▶ [Dataset content]
======

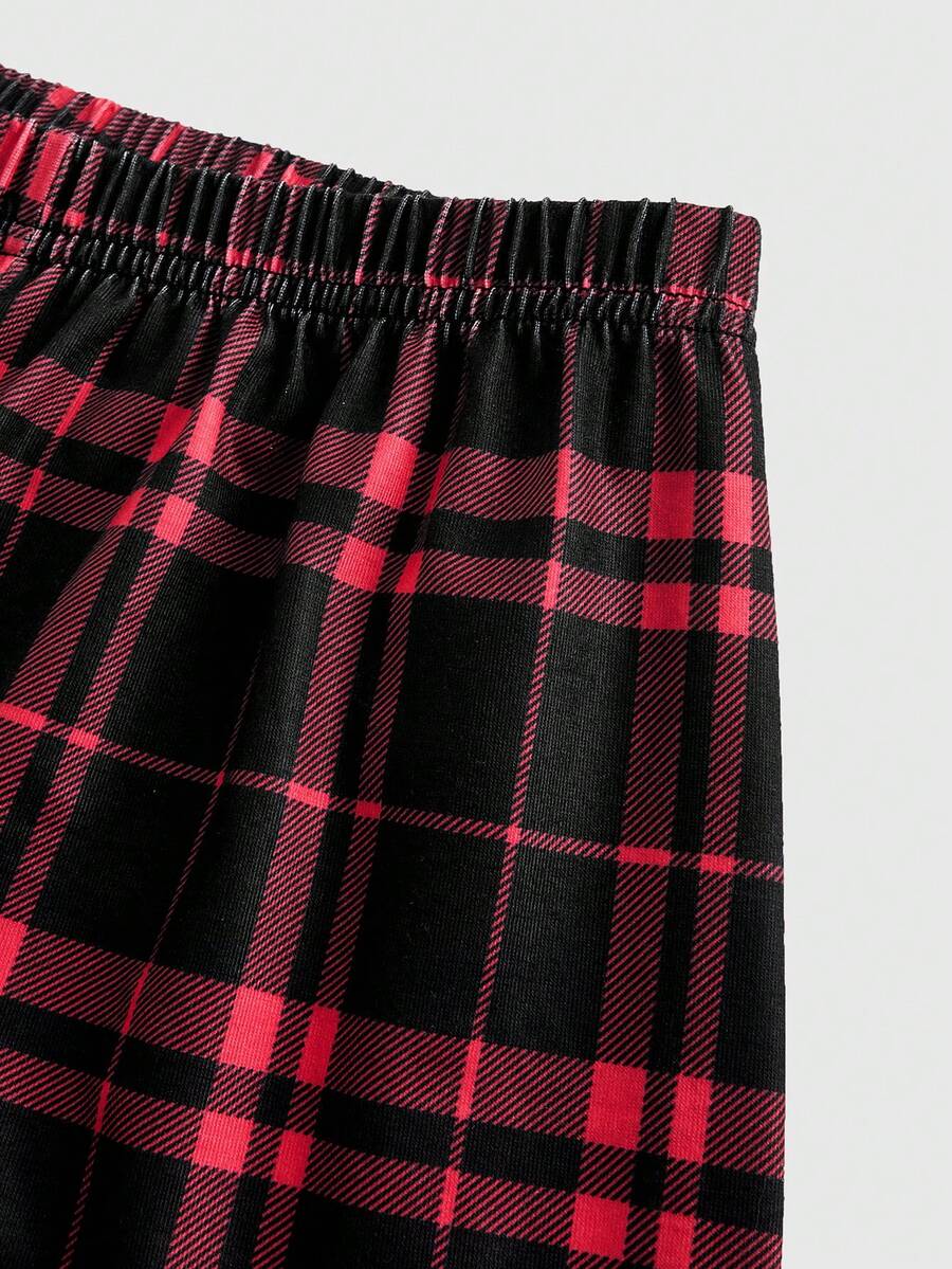Grunge Punk Women Summer Dark Punk Font Printed Short Sleeve T-Shirt Plaid Shorts Casual Sleepwear Set
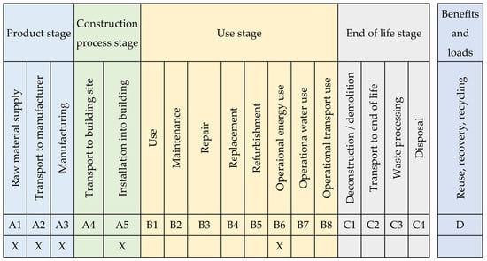 Carbon footprint calculations are based on the life cycle assessment (LCA) methodology, consisting of four stages: (i) goal and scope definition, (ii) life cycle inventory, (iii) life cycle impact assessment and (iv) interpretation. The carbon footprint calculations for the basement are based on the Norwegian standard NS3720 Method for greenhouse gas calculations for buildings [], with life cycle modules A1–A3, A5 and B6 (as shown in Figure 2). Carbon footprint calculations for the materials are based on the European standard EN15804 Sustainability of construction works—Environmental product declarations—Core rules for the product category of construction products [].
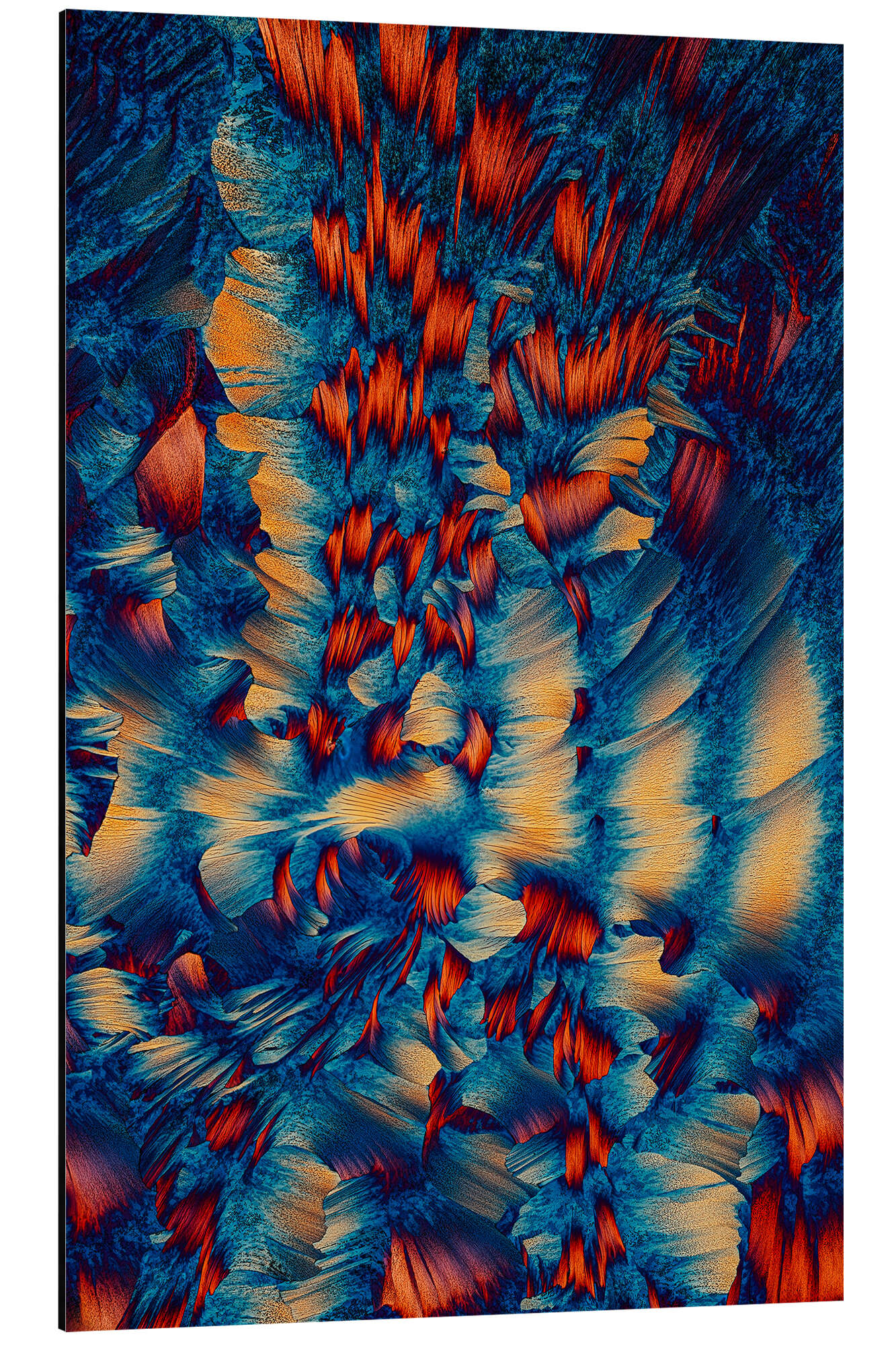 Posterlounge   Tableaux   Peinture   Art abstrait   Jaroslaw Blaminsky   Tableau en aluminium Crystal World - Orange and blue crystals under the microscope

======

▶ [Task goal] Only the pictures stay behind; everything else in the data above is to be retyped exactly.

▶ [Exercise response]
Grunge Punk Women Summer Dark Punk Font Printed Short Sleeve T-Shirt Plaid Shorts Casual Sleepwear Set
 Carbon footprint calculations are based on the life cycle assessment (LCA) methodology, consisting of four stages: (i) goal and scope definition, (ii) life cycle inventory, (iii) life cycle impact assessment and (iv) interpretation. The carbon footprint calculations for the basement are based on the Norwegian standard NS3720 Method for greenhouse gas calculations for buildings [], with life cycle modules A1–A3, A5 and B6 (as shown in Figure 2). Carbon footprint calculations for the materials are based on the European standard EN15804 Sustainability of construction works—Environmental product declarations—Core rules for the product category of construction products [].
 Posterlounge   Tableaux   Peinture   Art abstrait   Jaroslaw Blaminsky   Tableau en aluminium Crystal World - Orange and blue crystals under the microscope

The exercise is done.